1. A method of controlling an autonomous vehicle in response to detecting and analyzing an unfamiliar traffic sign, the method comprising:

  • receiving, by one or more processors, an image generated by a perception system of the autonomous vehicle, the perception system including one or more sensors;
  • identifying, by the one or more processors, image data corresponding to a traffic sign in the image generated by the perception system of the autonomous vehicle;
  • inputting, by the one or more processors, the identified image data corresponding to the traffic sign into one or more system software modules running on the one or more processors;
  • determining, by the one or more processors, that the traffic sign in the image is an unfamiliar traffic sign that cannot be identified by the one or more system software modules;
  • identifying, by the one or more processors, one or more attributes of the unfamiliar traffic sign;
  • comparing, by the one or more processors, the identified one or more attributes of the unfamiliar traffic sign to known attributes of other traffic signs;
  • determining, by the one or more processors, a category of the unfamiliar traffic sign based on the comparing; and
  • controlling, by the one or more processors, the vehicle in an autonomous driving mode based on the determined category of the unfamiliar traffic sign,
  • wherein the one or more processors are further configured to associate the image with a label, and categorize the label as unidentifiable or unknown when the label indicates that the determined category of the unfamiliar traffic sign has a confidence level which fails to satisfy a predetermined threshold.

Impact & Retrospective #

During my tenure at Waymo (2016–2021), scaling autonomous driving from geofenced testing to fully driverless commercial operations required solving problems where pure end-to-end deep learning frequently fell short: edge cases in real-world infrastructure.
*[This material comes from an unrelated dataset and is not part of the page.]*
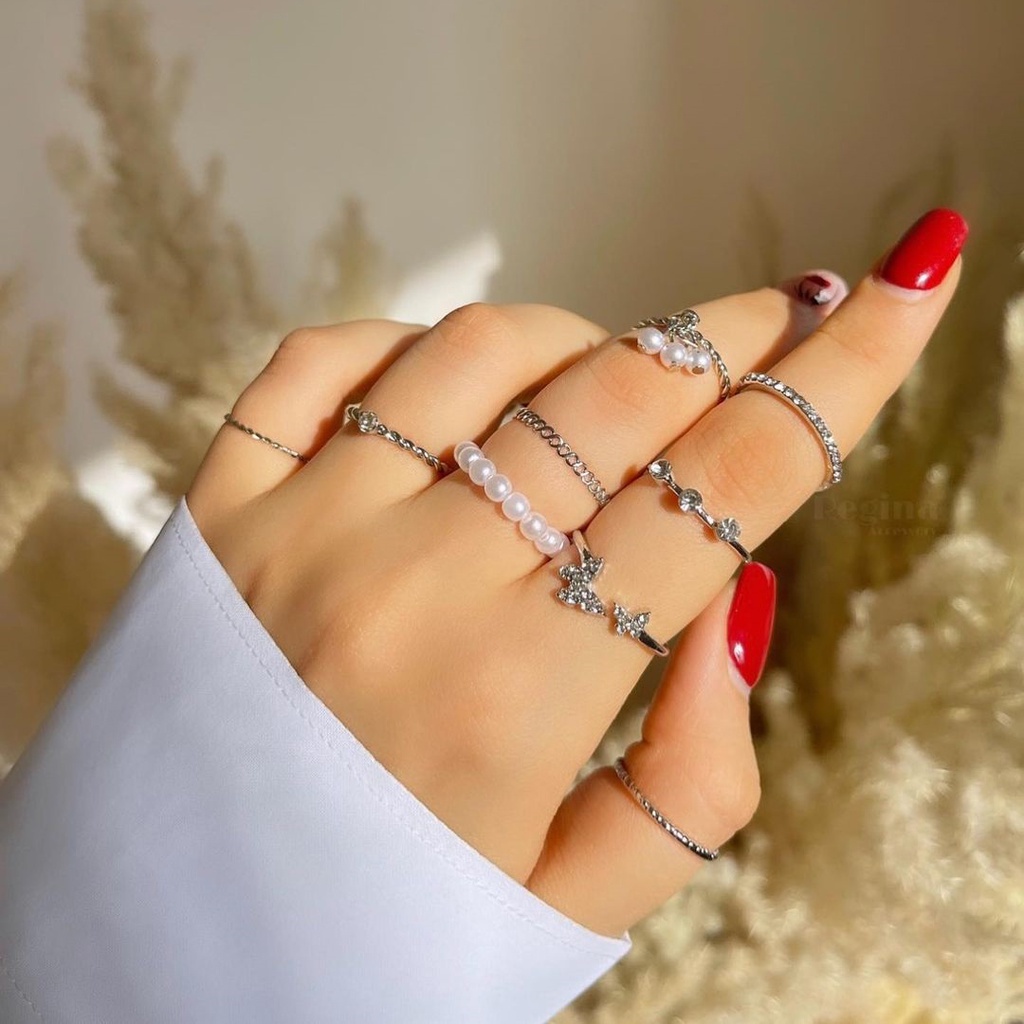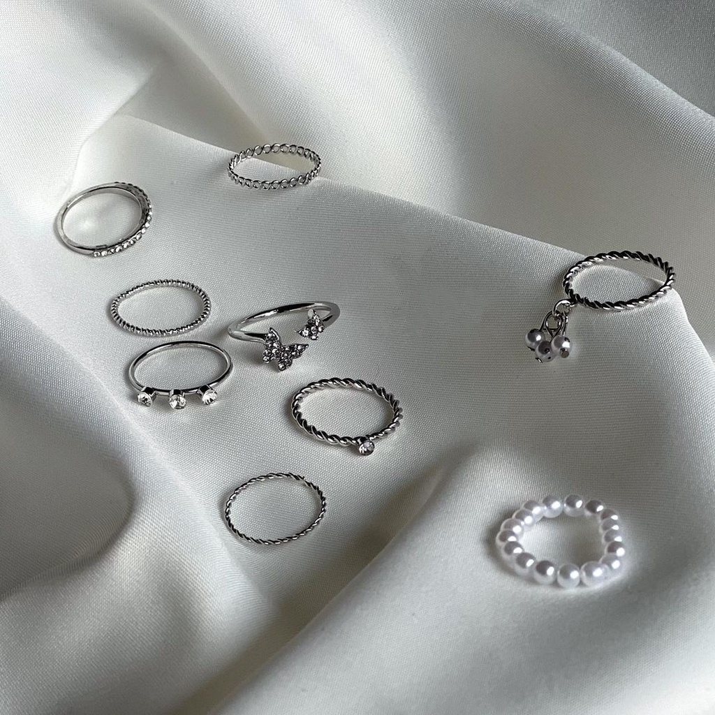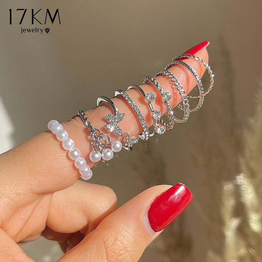 17 กม. 9 ชิ้น / เซต แหวนมุกคริสตัล กลวง บาง แหวน สําหรับผู้หญิง เครื่องประดับ อุปกรณ์

By decoupling the detection of novel objects from discrete class predictions and grounding them in regulatory semantics and physical attributes, this system delivered critical capabilities:

  1. Unblocking New Geographic Service Areas: Rapidly deploying into new municipalities without needing prior human mapping of every unique municipal sign variant.
  2. Graceful Degradation: When encountering a damaged, weather-occluded, or non-standard sign, the vehicle reliably deduced whether the sign demanded safety-critical deceleration (e.g. an obscured red octagonal sign) or could be safely passed without abrupt braking.
  3. Teleoperation Efficiency: Dramatically minimized unnecessary dispatch calls to human remote assistants, protecting fleet uptime while maintaining strict safety standards.